Data cloud provider Snowflake has launched an open source large language model, Arctic LLM, as part of a growing portfolio of AI offerings helping enterprises leverage their data. Typical use cases include data analysis, including sentiment analysis of reviews, chatbots for customer service or sales, and business intelligence queries, like the extraction of revenue information.
Snowflake’s Arctic is being offered alongside other LLM models from Meta, Mistral AI, Google and Reka in its Cortex product, which is only available in select regions. Snowflake said Cortex will be available in APAC in Japan in June via the AWS Asia Pacific (Tokyo) region. The offering is expected to roll out to customers around the world and the rest of APAC over time.
Arctic will also be available via hyperscaler Amazon Web Services, as well as other model gardens and catalogs used by enterprises, which include Hugging Face, Lamini, Microsoft Azure, NVIDIA API catalog, Perplexity, Together AI and others, according to the company.
Arctic is Snowflake’s new “state-of the art” LLM, launched in April 2024, designed primarily for enterprise use cases. The firm has shared data showing that Arctic scores well against other LLMs on several benchmarks, including SQL code generation and instruction following.
Snowflake’s Head of AI Baris Gultekin said the LLM took three months to build — an eighth of the time of some other models — on a budget of $2 million. This achievement sees the model push the envelope for how quickly and cheaply an enterprise-grade LLM can be developed.
Arctic LLM’s aims to provide “efficient intelligence”; it excels at common enterprise tasks, while being cheaper to use when training custom AI models on enterprise data. It is also pushing the open source envelope, having been released on an open source Apache 2.0 licence.
Rather than taking the general-purpose world understanding offered by many other open source LLMs, which include Meta’s Llama models, the Arctic AI model is aiming to specifically meet enterprise demand for “conversational SQL data copilots, code pilots and RAG chatbots.”
SEE: Zetaris on federated data lakes and the enterprise data mess
Snowflake created its own “enterprise intelligence” metric to measure the LLM’s performance, which was a combination of coding, SQL generation and instruction following capabilities.

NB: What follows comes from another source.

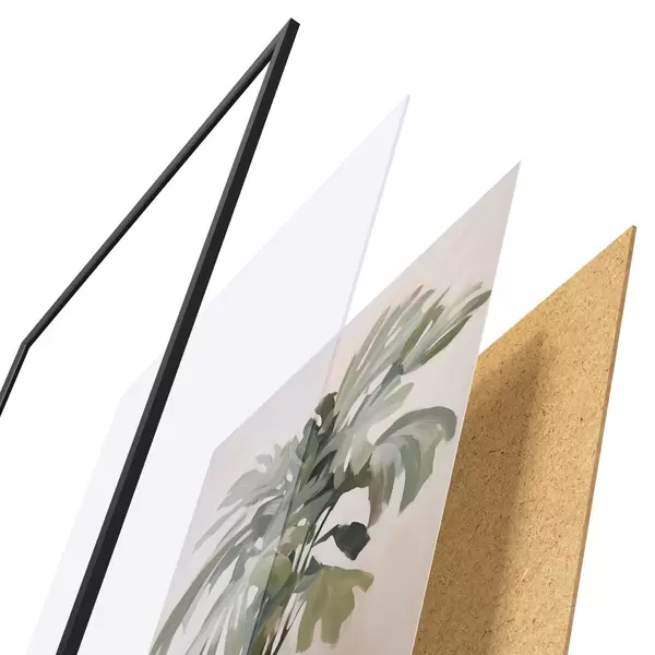 Das Poster besteht aus einem Rahmen, Plexiglas, einem gedruckten Bild und einer Rückwand aus Spanplatten. Dank der Halterungen auf der Rückseite kann das Poster sofort an die Wand gehängt werden.

Arctic came out favorably against models from Databricks, Meta and Mistral on common AI model benchmarking tests, which challenge and provide a percentage score for LLM models in specific domains of capability. According to Snowflake, the model’s ability to excel in enterprise intelligence when measured against LLMs with higher budgets was notable.

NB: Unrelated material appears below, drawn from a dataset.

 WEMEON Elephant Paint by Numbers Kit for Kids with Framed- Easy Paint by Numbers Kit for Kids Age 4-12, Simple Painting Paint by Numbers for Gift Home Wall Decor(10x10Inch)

Gultekin said the Arctic AI LLM offers enterprise customers a way to train custom LLMs using their own data in a more cost-effective way. The model is also tailored for efficient inferencing to make enterprise deployments lower cost and more practical.
Snowflake making the Arctic LLM open source with an Apache 2.0 licence is thanks in part to what Gultekin said is the AI team’s deep background in open source. This is seeing the firm provide access to weights and code, as well as data recipes and research insights.

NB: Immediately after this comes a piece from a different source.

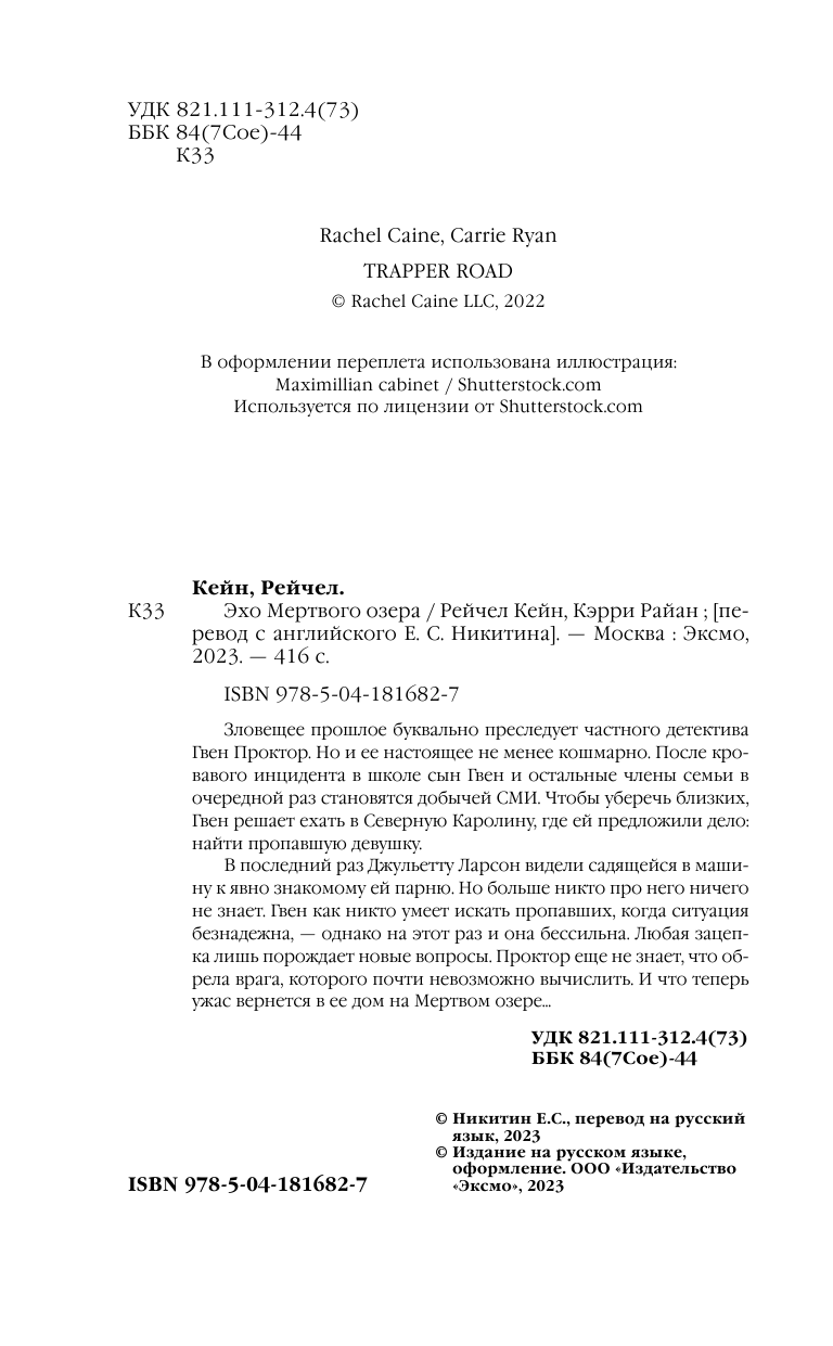 Книга: Эхо Мертвого озера (Рэйчел Кейн, Райан Кэрри); ООО "Издательство "Эксмо", 2023
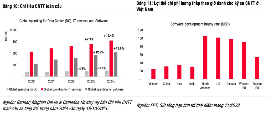 Tuy nhiên, SSI Research cũng kỳ vọng việc chi tiêu CNTT chậm lại trong năm 2023 sẽ thúc đẩy tăng trưởng chi tiêu CNTT trong năm 2024. Theo Gartner, chi tiêu CNTT toàn cầu dự kiến sẽ tăng 8% trong năm 2024, theo đó mức tăng trưởng cho Trung tâm dữ liệu, dịch vụ CNTT và Phần mềm lần lượt là 9,5%, 10,4% và 13,8% (so với mức 4,7%, 7,3% và 12,9% trong năm 2023).

Snowflake believes the industry and product itself will be able to move forward faster through genuine open source developer contributions, while Gultekin said that being able to see under the hood would help enterprise customers trust the model more.
Snowflake’s Arctic release caused a splash in the enterprise data and tech community, thanks to its speed and efficiency and SQL generation capabilities. Gultekin said the firm’s decision to “push the envelope on open source” has created excitement from the research community.
SEE: Our comparison of Snowflake with Azure Synapse Analytics
“This is our first release, and it sets a really good benchmark. The market is going to evolve such that there will not be a single winner; instead, all customers are very interested in choice in the market. We have already seen a tonne of usage, and we expect that to continue,” he said.
Snowflake previously offered a series of machine learning solutions. As part of the generative AI boom in 2023, it acquired a number of AI organisations, including data search company Neeva and NXYZ, a company where Gultekin was the chief executive officers and co-founder. Since then, Snowflake has built out its core generative AI platform, AI search capabilities and is now adding LLM models.